Unified Rules Engine A single, consistent rule model handles both files and folders. Rules control matching, destination, handling strategy, and lifecycle — all in one place.
Three Handling Strategies move relocates items, process_contents extracts files from folders, and ignore skips items entirely.
Flexible Pattern Matching Match items by file extension, regex pattern, or glob pattern. Rules are evaluated in declaration order — the first match wins.
Per-Rule Lifecycle Policies Configure automatic cleanup (trash or delete) with custom retention periods on each rule. Disable lifecycle to keep items forever.
Pydantic Validation The entire configuration file is validated at startup using Pydantic v2. Misconfigured settings fail fast with clear error messages.
Desktop Notifications Receive native OS notifications when files are organized or cleaned up via Plyer.
Audit Registry Every moved item with an active lifecycle is tracked in an internal registry (orderedFiles).
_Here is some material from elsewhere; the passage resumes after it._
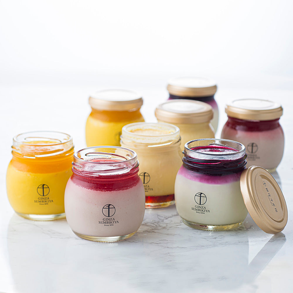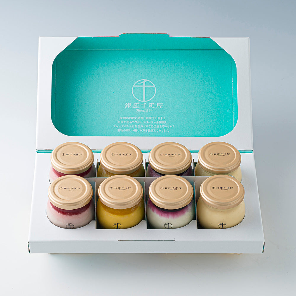 ■商品内容:銀座プリン(プレーン、いちごプリン、マンゴープリン、ベリーチーズ)各95g×各2 (計8個)

The auditor uses this registry to enforce retention policies on subsequent runs.
Repository Pattern All data access is abstracted behind repository interfaces, making it straightforward to swap JSON persistence for SQLite or any other backend.

Architecture

On each execution, the application loads the configuration, then processes every zone through a three-stage pipeline:

main.py
  │
  ├─ load_config()            → Parses and validates data/settings.json via Pydantic
  │
  └─ For each Zone:
       │
       ├─ 1. DirectoryCreator → Ensures all destination folders declared in rules exist
       │
       ├─ 2. Auditor          → Checks the registry against lifecycle policies
       │                        ├─ Removes expired items (trash or permanent delete)
       │                        ├─ Cleans up stale registry entries (files no longer on disk)
       │                        └─ Registers untracked items found in destination folders
       │
       └─ 3. FileSorter       → Scans the source directory
                                 ├─ Matches each item against rules (first-match wins)
                                 ├─ Applies the handling strategy (move / process_contents / ignore)
                                 ├─ Tracks moved items in the registry (if lifecycle is enabled)
                                 └─ Sends desktop notifications with a summary

Prerequisites

  • Python 3.10 or higher
  • pip (included with Python)
  • Git (to clone the repository)

Installation

  1. Clone the repository:

    git clone https://github.com/LimbersMay/Nexus.git
    cd Nexus
  2. Create and activate a virtual environment:

    # Create
    python -m venv venv
    
    # Activate (Windows)
    venv\Scripts\activate
    
    # Activate (Linux / macOS)
    source venv/bin/activate
  3. Install dependencies:

    pip install -r requirements.txt
  4. Create your configuration file:

    # Windows
    copy data\settings.example.json data\settings.json
    
    # Linux / macOS
    cp data/settings.example.json data/settings.json
  5. Edit data/settings.json to match your directories and desired rules (see Configuration Reference).

Quick Start

After installation, the fastest way to get started is to edit the example config with a single zone pointing to your Downloads folder:

{
  "zones": [
    {
      "zoneName": "Downloads",
      "paths": {
        "sourcePath": "C:\\Users\\YourUser\\Downloads",
        "destinationPath": "C:\\Users\\YourUser\\Downloads\\Organized"
      },
      "settings": {
        "maxSizeInMb": 5000
      },
      "rules": [
        {
          "ruleName": "PDF",
          "patterns": [".pdf"],
          "matchBy": "extension",
          "handlingStrategy": "move",
          "destinationFolder": "PDF",
          "lifecycle": {
            "enabled": true,
            "action": "trash",
            "daysToKeep": 7
          }
        },
        {
          "ruleName": "Images",
          "patterns": [".jpg", ".jpeg", ".png", ".gif", ".webp"],
          "matchBy": "extension",
          "handlingStrategy": "move",
          "destinationFolder": "Images",
          "lifecycle": {
            "enabled": true,
            "action": "trash",
            "daysToKeep": 7
          }
        }
      ],
      "orderedFiles": []
    }
  ]
}

Then run:

python main.py

All .pdf files will be moved to Downloads\Organized\PDF\, all images to Downloads\Organized\Images\, and after 7 days they will be sent to the trash automatically on the next run.


Configuration Reference

The configuration file is located at data/settings.json. It is validated at startup by Pydantic — any structural error will produce a clear and descriptive error message before the application starts.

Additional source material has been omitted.